管理者向けの操作では、Firebase consoleやFirebase VS Code拡張機能を使用して、適切なGoogle IAM認証情報で臨時の操作を実行することができます。

AIとの連携

Firebase Data Connectは、AIとの連携も視野に入れた機能を提供しています:

  1. ベクトル検索: デフォルトで提供されており、類似性に基づいた高度な検索が可能になります。

  2. LLM 対応 API: 大規模言語モデル(LLM)と連携するためのAPIが提供される予定です(記事執筆時点では未確認)。

  3. エンベディング生成: テキストデータを数値ベクトルに変換する機能も提供される予定です。これは、テキストデータをAIで処理する際に非常に有用です。

これらの機能を活用することで、例えばGeminiやOpenAIのAPIと組み合わせて、AIを活用した高度なアプリケーション開発が可能になります。例えば、ユーザーの質問に自動で回答するチャットボットや、文書の自動要約機能などが実現できるでしょう。

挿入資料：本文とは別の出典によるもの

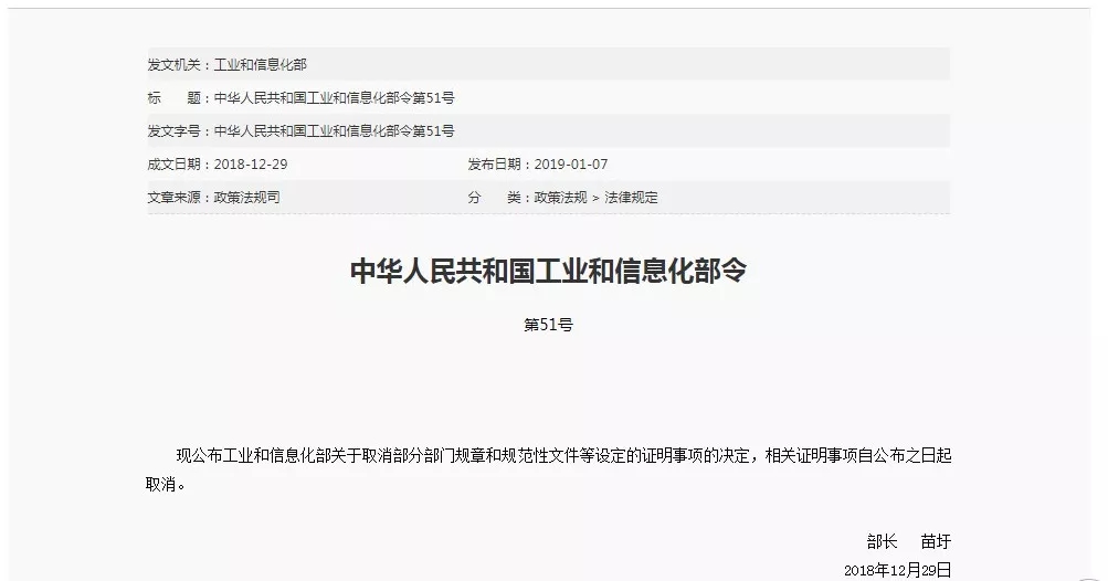 对于出台本次《决定》的原因,工信部政策法规司解释证明事项清理工作是党中央、国务院减证便民、优化服务的重要举措。“根据《关于做好证明事项清理工作的通知》(国办发〔2018〕47号)要求和司法部的统一部署,工业和信息化部组织开展了证明事项清理相关工作,全面摸底梳理,深入研究论证,形成了《决定》。”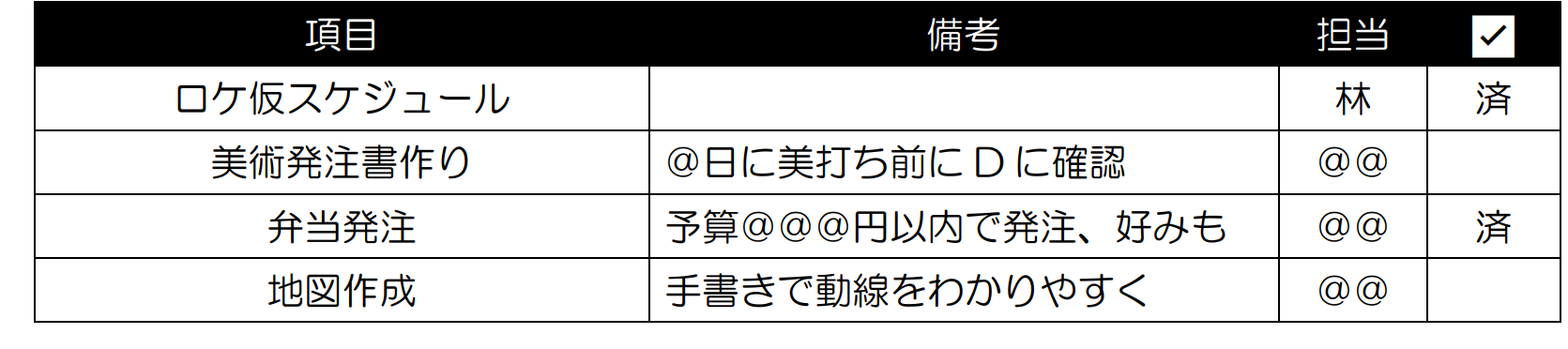 ◎「収録・ロケに向けて作った50項目ほどのやることリスト」を作成

特に、Vertex AIとの使用に関する課金情報が記載されているため、何らかの形でAI機能との連携が可能であることが示唆されています。具体的には、埋め込み生成のためのVertex AIの使用には、Vertex AIの標準使用料金が発生します。

まとめ

Firebase Data Connectは、FirebaseアプリケーションからPostgreSQLにアクセスするための機能です。これまでのFirebaseのデータベース機能とは異なり、業界標準のPostgreSQLを利用できる点が大きなメリットです。

この機能により、以下のようなメリットが期待できます:

  • 使い慣れたPostgreSQLの機能を活用できる
  • GraphQLによる効率的なデータアクセス
  • Firebase認証との統合による高いセキュリティ
  • タイプセーフなSDKによる開発効率の向上
  • AIとの連携による高度な機能の実現

現在はKotlin AndroidとWebアプリケーションがサポートされており、将来的にはiOSもサポート予定です。3ヶ月間の無料トライアル期間もあるため、興味のある開発者の方々はぜひ試してみてください。